Now i guy we hang out with the wife and family, but the other 2 have invited us to parties, but my wife never wants to go, " i work withthem all day why do i want to hang ut with them."

Don't know what I am asking, just venting I guess.. and curious...


----------



## anon54 (Apr 26, 2012)

Sounds like she has a chummy relationship with a couple of the owners where she puts up with a lot of inappropriate comments. (key word=owners). Fact that she doesn't want to hang out with them when invited isn't significant, I don't want to spend my private time with coworkers since I keep business and personal life separate. The reality of the matter is that we all have different work and personal lives, and for some this involves different personalities too. I am often surprised when I discover the difference in the two...

Anyway, while many people develop personal friendships at work, I think it's poor judgment and involves too much work place risks, such as job security. But I'm a guy and my approach is based on experience where I now treat women just like men. Women don't have the same degree of risk, get different treatment when it comes to workplace difficulties, and are much more emotional about their workplace connections. So she may be just dealing with her situation as she thinks appropriate.
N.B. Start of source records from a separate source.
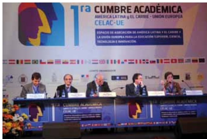
Un momento de las deliberaciones en Santiago.
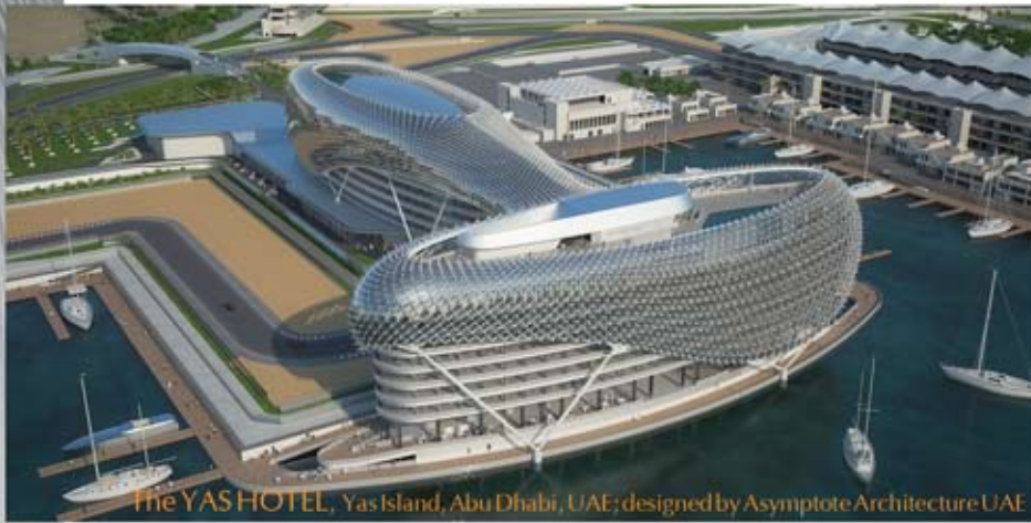
The YASHOTEL, Yas Island, Abu Dhabi, UAE; designed by Asymptote Architecture UAE
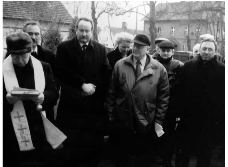
Uroczyste otwarcie w dniu 21.01.2005 r.

Przez pierwsze trzy lata działalności Muzeum odwiedziło ponad osiem tysięcy turystów z kraju i zagranicy, co było możliwe dzięki pracy
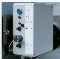
Panneau de contrôle à l'épreuve de l'humidité et de la poussière AGA 45 E/75 E
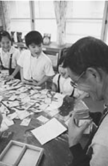
↓カルタで遊ぶ児童と有志指導者
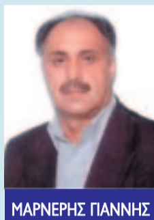
ΜΑΡΝΕΡΗΣ ΓΙΑΝΝΗΣ ΔΗΜΑΡΧΟΣ Ν. ΚΥΝΟΥΡΙΑΣ
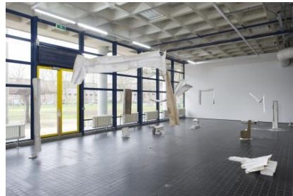
There is no home, like place, 2025 Muren van mijn voormalige studio gescheurd en gemonteerd op linnen doeken, afmetingen variabel
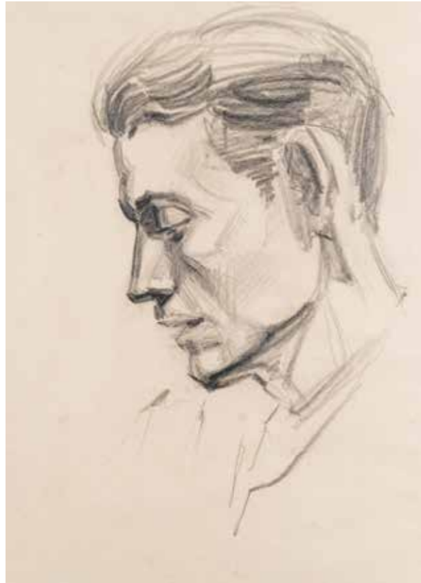
10 | Портрет невідомого. Папір, олівець. 53,5×41 Portrait of a stranger. Paper, pencil
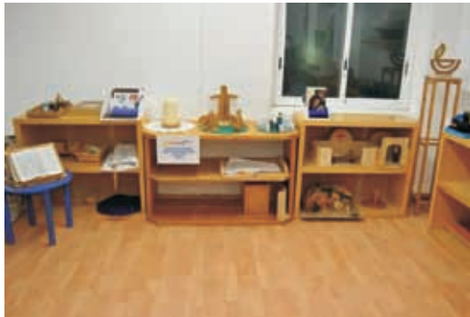
Sala modelo de la Iglesia Protestante de Salou.
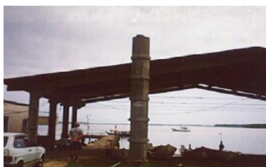
Antena e pilar
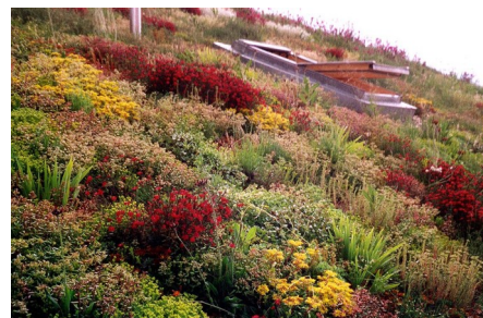
Die Begrünung während der ersten Blüte im Juni 2002.
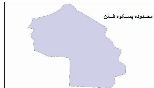
شکل ۱. موقعیت محدوده پستکوه در کشور و استان
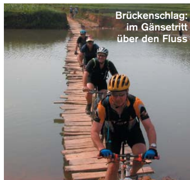
Brückenschlag: im Gänsetritt über den Fluss

Angebot Alpin Travel GmbH, Tel. 0041/81/7 20 21 21 ( www.alpintravel.ch ). 14 Tage 1575 Euro pro Person inklusive Inlandflug nach Saigon, Übernachtungen, Verpflegung, Guide. Eigene Anreise und eigenes Fahrrad.
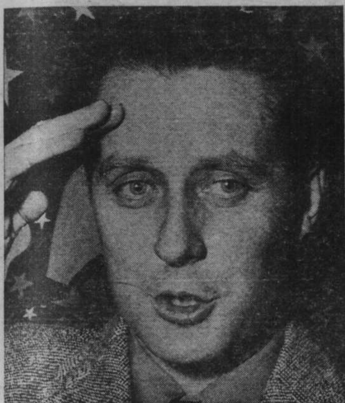
En '58, j'en avais jusque-là!
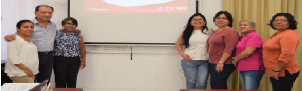
* Instalación del Comité de Ética y Prevención de Conflictos de Interés.

Quintana Roo. Con el objetivo de reforzar y promover la cultura de ética, integridad, honestidad y transparencia al interior de la Secretaría de Desarrollo Territorial (Secretaría de Desarrollo) (SEDETUS) el Comité de Ética y Prevención de Conflictos de Interés (COEPCI) realizó la "Primera Sesión Ordinaria".
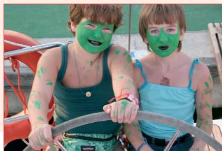
Quaxi & Co

My advice? Discuss and evaluate where this job fits in your future financial plans as a couple and encourage her to move at the next better opportunity. But I don't think it's much different from a situation where you would come home complaining your bosses were treating you like dirt. The answer is the same, move on to bigger and better opportunity. No matter what people say, working for other sucks and sometimes fresh starts are a blessing.


----------



## drifting apart (Apr 17, 2012)

thanks for the advice anon, it is a little deeper then that though.
she never had a father figure and even when we met always had guys all around her. The 'brewkrew" they were called. nothing serious just some dudes she and another girl hung out with, never bothered me cause I also had female friends.
She was "Most Popular" and cheerleader in high school and loved the attention


That was 25 years ago, before we got married we discussed how all the flirting, screwing around bs ends. 

And it did, or so I think, now i am ot so sure since I catch her in lies all the time. seriously do not think she is physically cheating but just loves being "Most Popular" again as she was the only female in the construction office for a year, now there are 3.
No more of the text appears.